▶ EXERCISE INSTRUCTIONS
Retype all of the listing exactly, passing over any picture you find.

▶ INFORMATION SHOWN

§ §

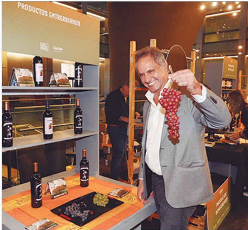
El foco en la industria
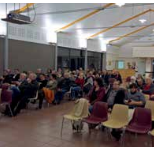
Réunion publique... une concertation citoyenne
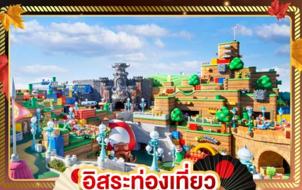
อิสระท่องเที่ยว

§ §

▶ RESULT FOR THIS EXERCISE
El foco en la industria
Réunion publique... une concertation citoyenne
อิสระท่องเที่ยว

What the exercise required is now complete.